С диким ужасом уставился на него Мутавац. Порой у него возникало какое-то доверие к Юришичу, но сейчас оно напрочь исчезло. Уж не подослан ли он охранниками, а может, самим Рашулой? Писари говорили, что он недавно стоял с Рашулой, и они упоминали его имя.
— Н-н-н-н-е-ет… — сипло простонал он, пошарил по карманам и вытащил картинку. — Во-о-от, это от нее.
— Но это вы потом получили от нее, — напомнил Юришич, которому от Майдака стала известна и эта деталь. Он оскорбился, догадавшись, что Мутавац ему не доверяет. — Если бы вы мне так верили, как в эту картинку, вам определенно было бы лучше, господин Мутавац. Но куда вы идете? Неужели опять в свой угол? Разве нет другого места?
Мутавац почувствовал облегчение, что можно уйти. Он направился к дровам, собираясь посидеть там. Но в последнюю минуту заметил, что там сидит Рашула с Майдаком, поэтому он повернулся и поплелся в свой угол.

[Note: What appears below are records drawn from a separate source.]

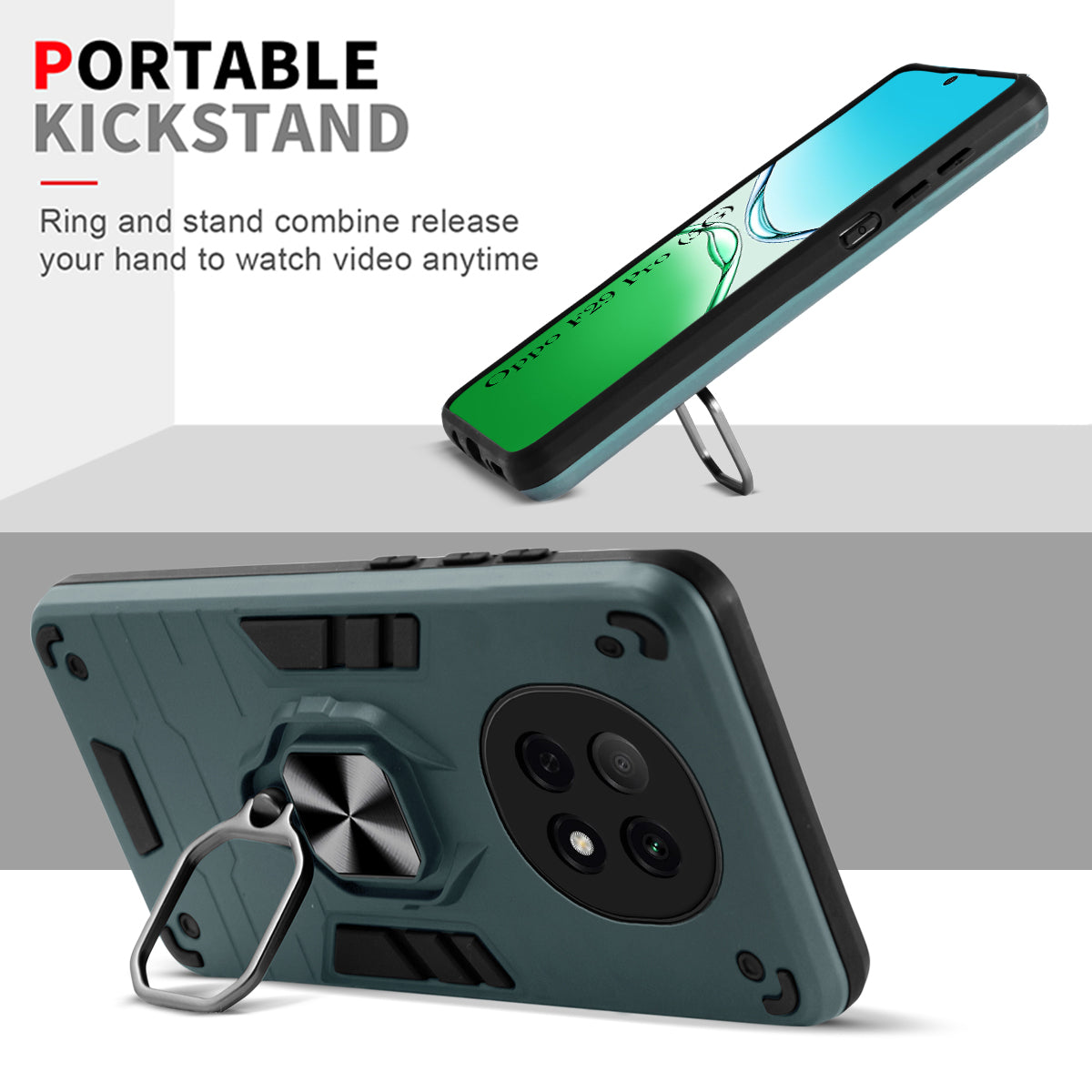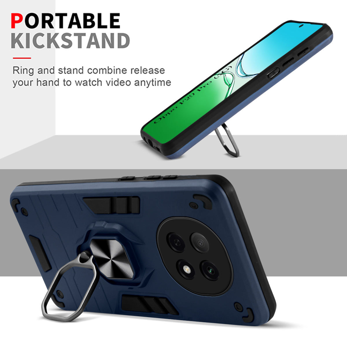 For Oppo F29 Pro Back Cover Case (Shockproof Dual Layer Polycarbonate |Ring Holder Kickstand)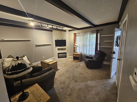 There is a King size bed frame (bring your own mattress) with optional bed risers for additional storage under bed, Full size couch, recliner, and tv. All kitchenware, pots, pans, glassware, etc. and kitchen table with chairs included. A deep storage closet for all your winter gear. The 2 parking spaces are deeded to condo, these are not common spaces, so it alleviates parking concerns and is steps from your back door. Unit has both a front and rear door to the exterior.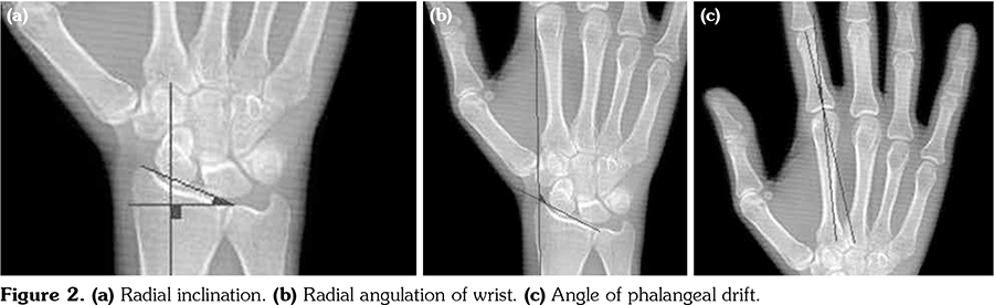 Anteroposterior radiography was performed on both hands of all patients by the same technician using the standard technique. Radial inclination (RI) is the angle between the distal surface and the longitudinal axis of the radius. The normal range of RI specified in the literature is 21° to 25°.[9] Radial angulation of the wrist (RAW) is the angle between the radial corner of the second metacarpal bone and the distal radius surface.[10] The angle of phalangeal drift (APD) is measured at the intersection of the lines along the shafts of the second metacarpal bone and the second proximal phalanx. As APD increases, the ulnar deviation of the fingers increases.[11] The radiographic measurements were repeated three times for each patient and averaged. The measurements of RI, RAW, and APD were shown in Figure 2.

Угрюмый Юришич прислонился к водопроводной колонке, смотрит ему вслед и замечает, как Рашула приветливо шепчет что-то Майдаку. Опять задумал какую-то подлость? Но кто-то зовет Юришича. Завтрак ему принесли, а может быть, и газеты; газеты в эти дни он ждет как никогда с нетерпением. Побежал — и действительно: и завтрак получил, и газеты. Сел, чтобы прочитать. Забыл обо всем. Видит только одно, набранное жирным шрифтом: пало Куманово!{8}
— Что скажете на это, господин Юришич, — обратился к нему Мачек.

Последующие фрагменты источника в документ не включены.